Big Data: The Security Perspective (Part 1)

If you would like to read the next part in this article series please go to Big Data: The Security Perspective (Part 2).


In the IT industry, the timeline can be measured by the emergence of buzzwords (or buzzphrases). Catchy terms that make for good soundbites, they’re often not fully understood even by their biggest proponents and most respected “experts.” One of the hottest buzzwords of the past year was “big data,” but what does it really mean? And what does it mean in terms of security? In this article, we’ll talk about the big data trend from a security perspective.

In this, Part 1, we’re going to address the problem of securing big data and in Part 2, we’ll look at whether and how big data can be used to enhance overall network security.

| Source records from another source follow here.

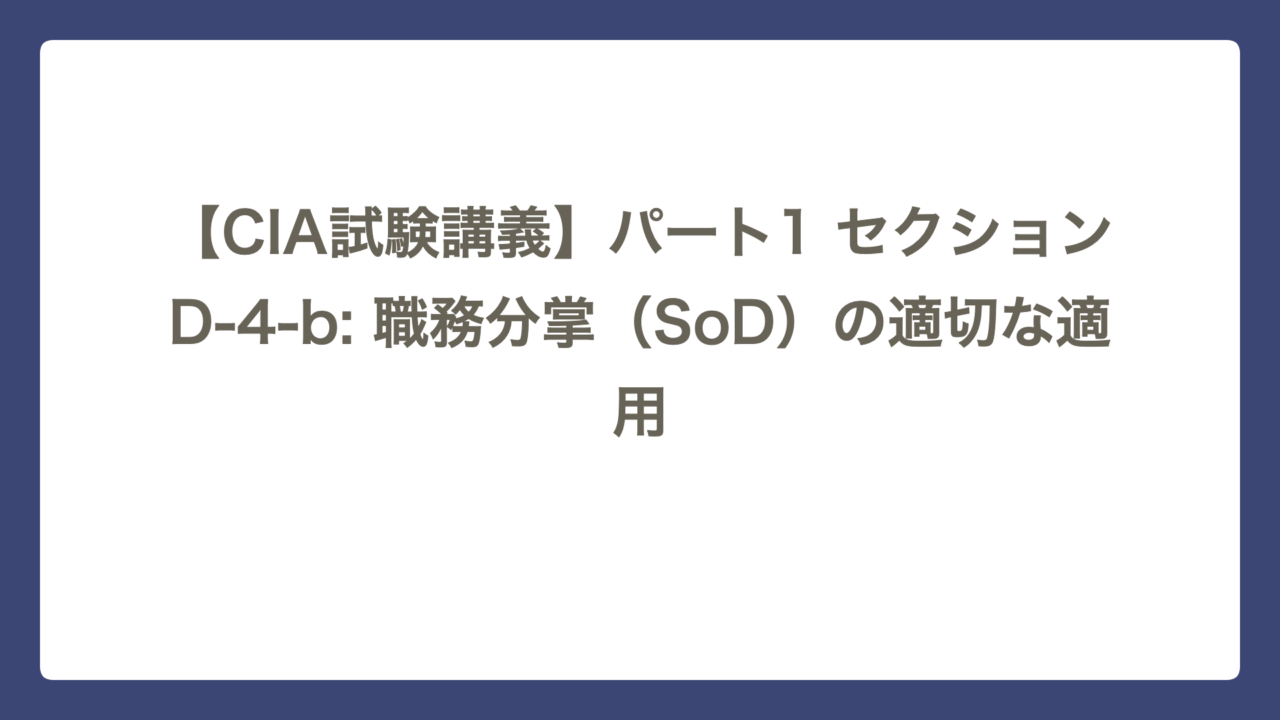 セクションD-4-bは、内部統制の中で最も基本的かつ強力な概念である「職務分掌(Segregation of Duties: SoD)」に関するパートです。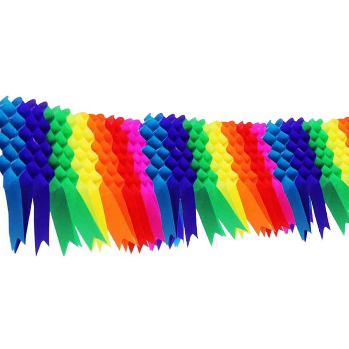 A Faixa Sanfonada de Papel de seda e o segredo para uma decoracao junina volumosa, colorida e cheia de vida! Por ser feita de papel leve e possuir um movimento fluido, ela balanca suavemente com o vento, trazendo a verdadeira essencia das quermesses para o seu evento. E perfeita para ser pendurada de ponta a ponta no teto, criar molduras em barracas de comidas tipicas ou decorar vaos de portas e janelas. Sua versatilidade permite que seja esticada conforme a necessidade, garantindo um acabamento festivo impecavel em escolas, clubes ou festas residenciais. Um item tradicional que une baixo custo e alto impacto visual para o seu Arraia!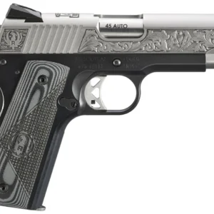 Caliber: 45 Auto – Capacity 7+1 – Slide Material Stainless Steel – Barrel Length 4.25 – Grip Frame Black Anodized – Grip Panels Black/Gray Deluxe Checkered G10 – Model Type Lightweight Commander-Style – Slide Finish Low-Glare Stainless – Width 1.34 – Sights Drift Adjustable Novak® 3-Dot – Weight 29.3 oz. – Overall Length 7.75 – Height 5.45 – Grooves 6 – Twist 1:16 RH – Southport CT Edition model features a finely engraved stainless steel slide including the Ruger logo and bald eagle on the sides with the Ruger logo and One Lacey Place adorned on the top of the slide. – Features a lightweight aluminum frame and polished titanium feed ramp. – Classic original 1911 fire control. – Precision CNC-controlled machining process results in a superior slide-to-frame fit and smooth slide travel. – Positive barrel lock-up allows for superior accuracy out of the box. – Traditional design with replaceable grip panels and checkered backstrap. – Lightweight aluminum skeletonized trigger provides a very crisp no creep light trigger pull with a quick positive reset. – Skeletonized hammer and titanium firing pin for faster lock time. – Oversized beavertail grip safety provides positive function and reliability. – Extended thumb safety and slide stop lever for improved positive manipulation. – Integral plunger tube for slide stop and thumb safety is not staked and will never come loose. – Oversized ejection port and extended magazine release enhance performance. – Inspection port allows for visual confirmation of a loaded or empty chamber. – Features a flat mainspring housing and rear slide serrations for a positive grip. – Accepts most standard aftermarket 1911 parts and accessories. – Also includes: Two 7-round stainless steel magazines; bushing wrench. – Production will be limited to 500 total units.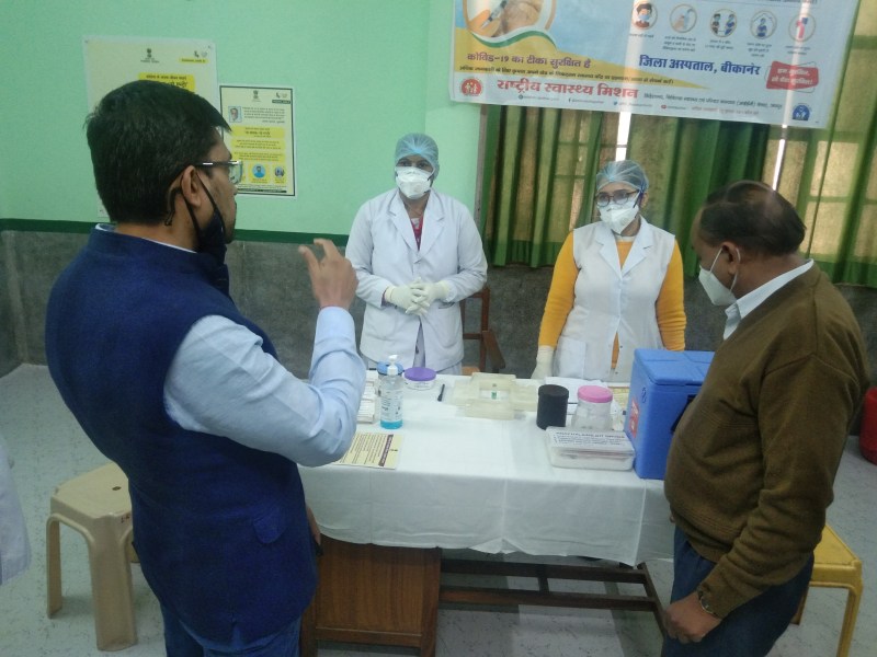 टीका लगाने के बाद सरदार पटेल मेडिकल कॉलेज के अतिरिक्त प्राचार्य डॉ रंजन माथुर और पीबीएम अस्पताल के अधीक्षक परमेंद्र सिरोही संपूर्ण व्यवस्थाओं को देख रहे थे और अस्पताल परिसर तथा कॉलेज परिसर में लगे चारों सेंटरों का जायजा लेकर व्यवस्थाओं को देख रहे थे।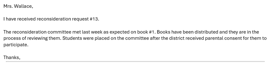 V e-maile z 22. januára, ktorý získal The Daily Signal, Patrick Wallaceovi a ďalším rodičom vysvetlil, ako bude školský obvod citované knihy skúmať. Riaditeľ uviedol, že predpokladá, že tento proces bude trvať “približne 30 dní” pre každú knihu. Z jeho e-mailu vyplýva, že výbor bude knihy skúmať postupne.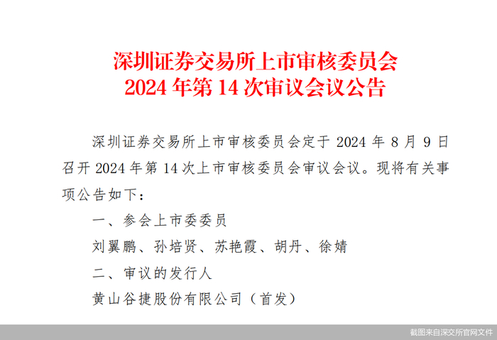 深交所官网披露文件显示,定于8月9日召开2024年第14次上市审核委员会审议会议,审核黄山谷捷首发事项。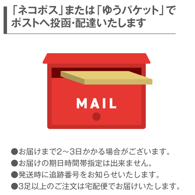 | 配送方法 | ヤマト運輸(【メール便ネコポス】期日時間帯指定不可、お届けまで2~3日かかる場合がございます。ポストへ投函いたします。) |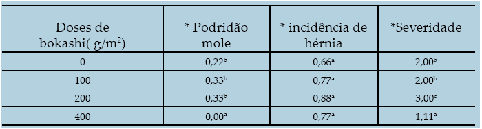 A dosagem 400 g/m2 foi o tratamento que apresentou a menor incidência da hérnia das crucíferas e a menor severidade. Durante o experimento, foi constatada a incidência de podridão-mole (Pectobacterium carotovorum) na área podendo, portanto, ser considerada uma fonte de infestação e que também foi combatida pelo bokashi.

The simplest definition of “big data” is exactly what it sounds like: massive amounts (think petabytes, exabytes, zettabytes and beyond). A zettabyte is equal to over a trillion gigabytes (1,099,511,627,776 GB, to be exact). That’s a lot of data by anybody’s standards. Of course, the amount of data that constitutes “big” changes over time. When I bought my first IBM PC with its massive 10MB hard drive, the “puny” 500GB drives that come on today’s $299 computers would have been seen as the repository for an enormous amount of data. Twenty years from now, multi-domegemegrottebyte drives (1,000,000,000,000,000,000,000,000,000,000,000 Bytes) might be commonplace.

But “big data” isn’t only about volume. It’s also about complexity – the relationships, hierarchies and links between data points and data sets. And it’s about velocity – the speed at which data is produced and processed. Finally, it’s about variety – structured, unstructured and semi-structured data.

It’s considered “big data” when traditional relational database approaches to processing it will no longer work due to the volume of data or the velocity at which the data is being collected or needs to be processed or because of its unstructured/semi-structured nature.

Big Data Analytics

The benefit of collecting such massive amounts of data is the potential ability to glean information from it that businesses can use in the decision-making process. “Big Data Analytics” is another currently popular buzzword that refers to methods of “data mining” (yet another buzzword) to extract the relevant information that can be used for trend spotting, predictive modeling and forecasting.

The most basic form of analytics is encompassed by “business intelligence” (which you might remember as a top buzzword from a few years back), which is used more in recognizing and identifying what has happened in the past. Modern analytics goes further, to apply the analysis to predict what will happen in the future.

I recently wrote an article for the GFI Talk Tech to Me blog called “TMI/NEK: Too Much Information, Not Enough Knowledge.” Big data analytics seek to turn the overload of information that is big data into knowledge that can be useful to a business.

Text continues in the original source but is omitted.